Привратник и слуга уселись в лодочку, взмахнули разукрашенными веслами и через несколько минут были около беседки. Привязав лодку, они сошли на берег. Слуга начальника уезда не мог оторвать взгляда от беседки: балюстрада и решетка ее были сплошь в инкрустациях и резьбе, окна занавешены флером и шелком изумрудного цвета. Воздух был напоен ароматом лотосов, дул легкий ветерок. В воде среди водорослей плескались золотые рыбки; ласточки порхали между балками, где они свили гнезда; чайки кружили над водой; утки парами плавали у берега. В самой беседке была только тростниковая кушетка, циновка из редкого узорчатого бамбука, каменная тахта и бамбуковый стол. В вазах стояли огромные букеты лазоревых лотосов.

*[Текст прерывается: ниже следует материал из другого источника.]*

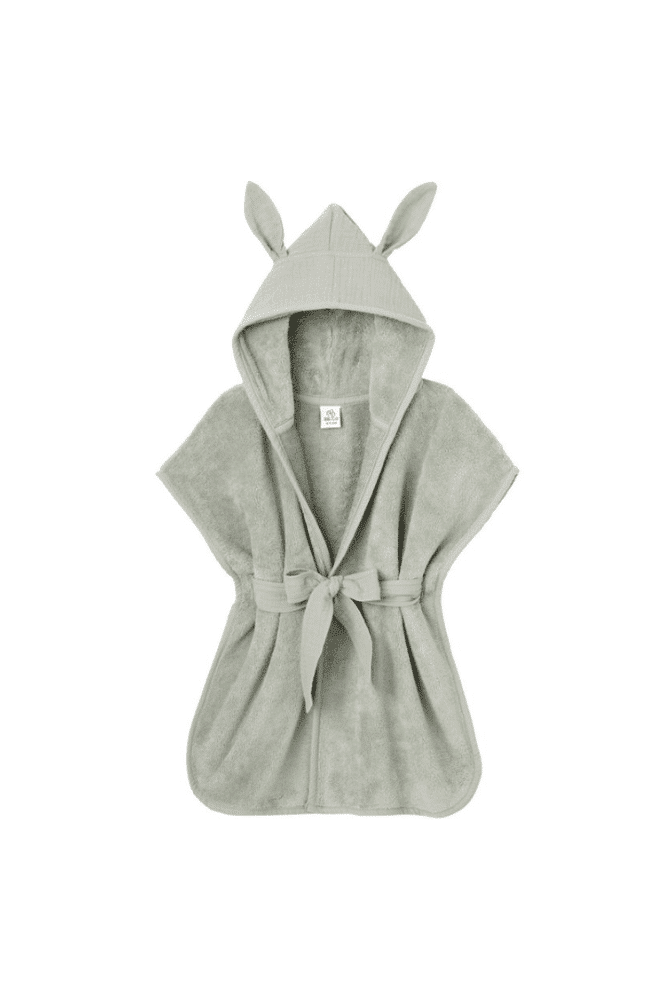 Découvrez ce peignoir de couleur Vert de gris avec capuche agrémentée d’oreilles de lapin. Idéal pour la sortie du bain, piscine ou plage de votre enfant. Le tissu en éponge coton et bambou il est ultra doux et absorbant.

В курильнице курились самые лучшие благовония. Лу Нань с непокрытой головой и босыми ногами полулежал на тахте. Держа в руках кубок с вином, он читал древнюю книгу. Рядом стоял таз, где во льду охлаждались персики, белоснежные корни лотоса, груши, арбузы и дыни. Здесь же стояли разные закуски к вину. Подле Лу Наня находилось двое слуг: один держал в руках сосуд с вином, другой обмахивал поэта веером. Лу Нань с наслаждением читал книгу, попивая вино. Посланный Ван Цэнем слуга, не осмеливаясь подойти к поэту, стоял в стороне и тихонько вздыхал. «Ведь Лу Нань — простой смертный, как и все люди, — рассуждал он про себя, — чем же объяснить тогда, что он окружен такими благами? Взять хотя бы нашего начальника уезда — имеет степень *цзиньши, столько трудится, но разве когда-нибудь будет так беспечно жить?!»

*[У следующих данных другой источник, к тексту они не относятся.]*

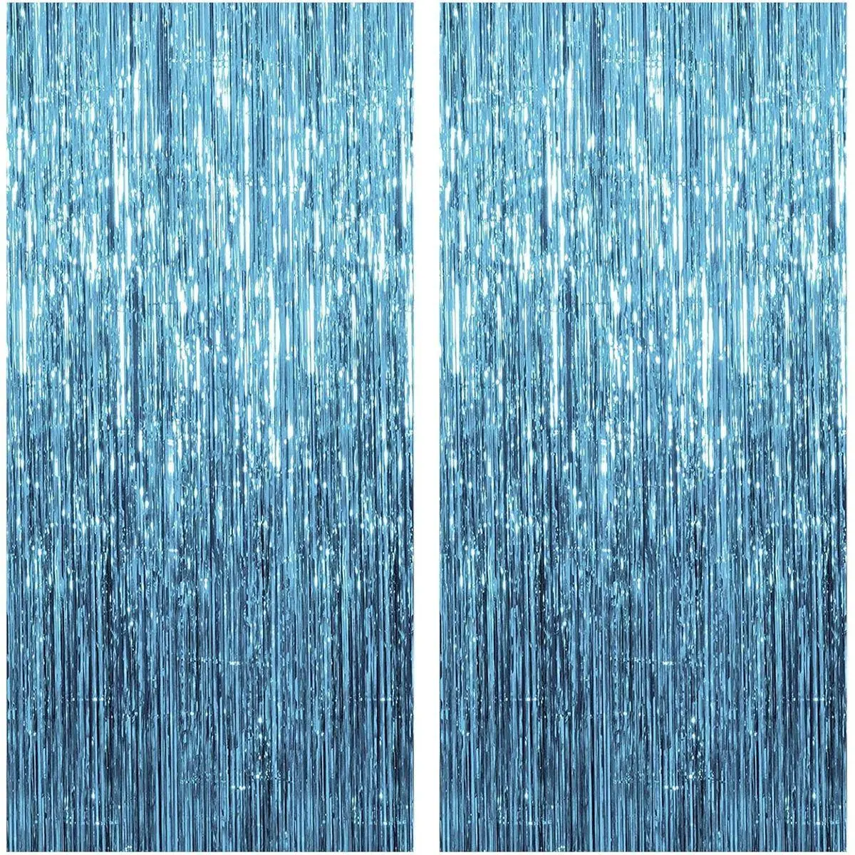 Blue Streamers Backdrop: 2Packs/Set, enough quantity for your party decoration. Each pack curtains size is 3.28 ft x 6.56 ft, enough length for decorate your party. Perfect accessories for decorating doors and walls.

— Ты и есть посланец начальника уезда? — прервал размышления слуги Лу Нань, оторвавшись от книги и заметив пришельца.
— Да, — ответил слуга.
— Странный человек твой начальник, — рассуждал вслух Лу Нань. — Несколько раз просил назначить день для визита, не являлся, теперь снова просит разрешения прийти. Что же это он, говорит одно, а делает другое? Как же тогда он ведет дела в уезде? Нет у меня лишнего времени возиться с ним! Хочет прийти, пусть приходит когда вздумается, незачем заранее договариваться.
— Мой господин велел мне низко поклониться вам, — обратился слуга к Лу Наню, — и просил передать, что давно уже наслышан о ваших исключительных талантах и все время мечтал о встрече с вами. Неотложные дела несколько раз подряд мешали ему осуществить это желание и заставляли нарушить свое слово. Поэтому он снова просит вас назначить день. Сделайте это, пожалуйста, чтобы я мог возвратиться к начальнику с каким-то ответом.
Сообразительность и убедительные объяснения слуги понравились Лу Наню.
— Ну, раз так, пусть приходит послезавтра, — согласился поэт.
Слуга взял у Лу Наня пригласительную карточку и в сопровождении привратника тем же путем отправился обратно; подъехав к плотине, затененной ивами, слуга сошел на берег и поспешил в ямэнь доложить начальнику уезда о приглашении Лу Наня.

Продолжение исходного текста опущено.